For shareholders of Norbord, who will own 44 per cent of the combined business, the increased scale and diversity of products will offer better protection against cyclical downturns, said Peter Wijnbergen, Norbord’s CEO.
To proceed, the transaction requires the approval of investors that hold two-thirds of Norbord shares. Brookfield Asset Management, which owns 43 per cent of its shares, has agreed to support the deal. A simple majority of votes by cast by West Fraser shareholders is also required.
Assuming the transaction is approved, it would be completed in the first quarter of 2021.
B.C. billionaire Jim Pattison owns large stakes in West Fraser, as well as forestry rival Canfor Corp.
“We’ll absolutely support West Fraser and Brookfield. We will certainly support the transaction,” Mr. Pattison said in an interview. “West Fraser is a high-quality company with high-quality management and as far as Brookfield is concerned, they don’t make them any better.”

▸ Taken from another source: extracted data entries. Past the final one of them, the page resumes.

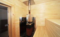 На этот раз специалистам «Зодчего» нужно было довести до логического завершения строительство старой бревенчатой бани. Компания взялась за это. Так в бане постепенно появился новый пол, перекрытия с утеплением, стены и потолки, отделанные вагонкой, новые деревянные окна и двери. В парной строители устроили полки и установили печь-каменку, ставшую сердцем бани. Всё строение было укрыто металлочерепицей с профилем «Монтеррей». Теперь хозяева могут наслаждаться лёгким паром в любое время года.
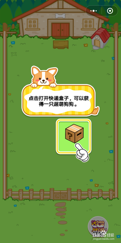进入游戏后,页面上有个快递盒子,点击这个盒子将盒子打开。打开盒子今后可以获得一只很萌的狗狗。
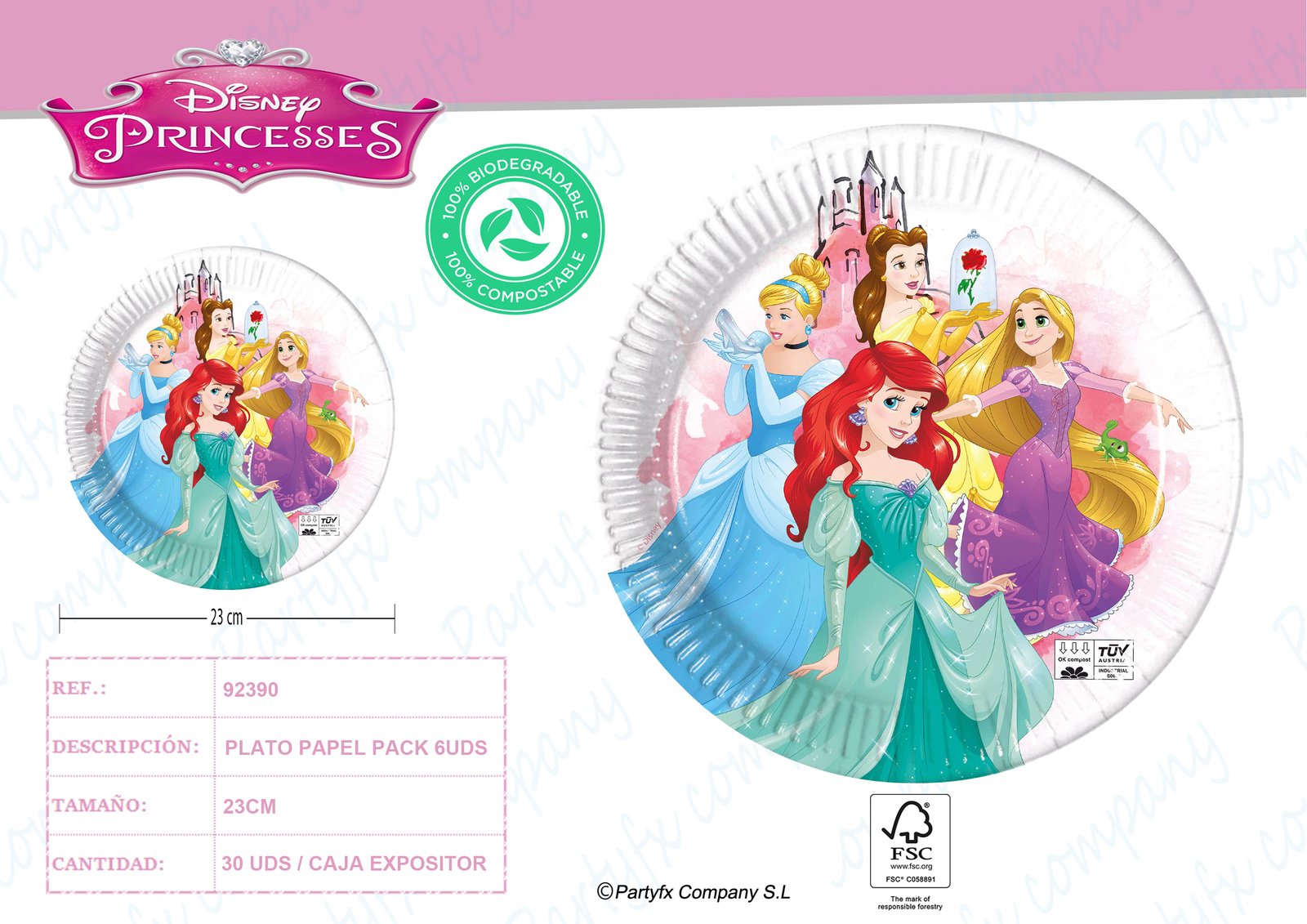?PLATOS DE PAPEL COMPOSTABLE 23CM PRINCESS FABULOUS ? PK-6UDS

In March, Mr. Pattison raised his stake in West Fraser to 13.8 per cent from 11.9 per cent. He already owns nearly 51 per cent of Vancouver-based Canfor. West Fraser is Canada’s largest lumber producer, followed by Canfor.
There had been speculation of a West Fraser-Canfor merger, but B.C.’s NDP government would frown on consolidation in a sector already reeling from lumber mill closings across the province. In late 2019, minority shareholders in Canfor rejected Mr. Pattison’s $983.8-million cash bid to acquire stock that he doesn’t already own in the company.
A major shareholder in West Fraser is Seattle-based Ketcham Investments Inc., controlled by the family of Hank Ketcham, West Fraser’s chairman and former CEO. West Fraser said certain members of the Ketcham family have agreed to vote their 19-per-cent stake in favour of the transaction.
CIBC World Markets Inc. analyst Hamir Patel said the deal makes sense. “It provides West Fraser an opportunity to expand into another attractive category in wood products (OSB),” Mr. Patel said in a research note. “The combined business should see reduced earnings volatility given differing peak/trough cycles for OSB versus lumber and the combined entity should benefit from increased trading liquidity.”
West Fraser said it secured US$1.3-billion in credit facilities for the transaction, which are estimated to provide US$1.1-billion in undrawn capacity after the deal closes.
The deal includes a break fee of $110-million should it fail to close.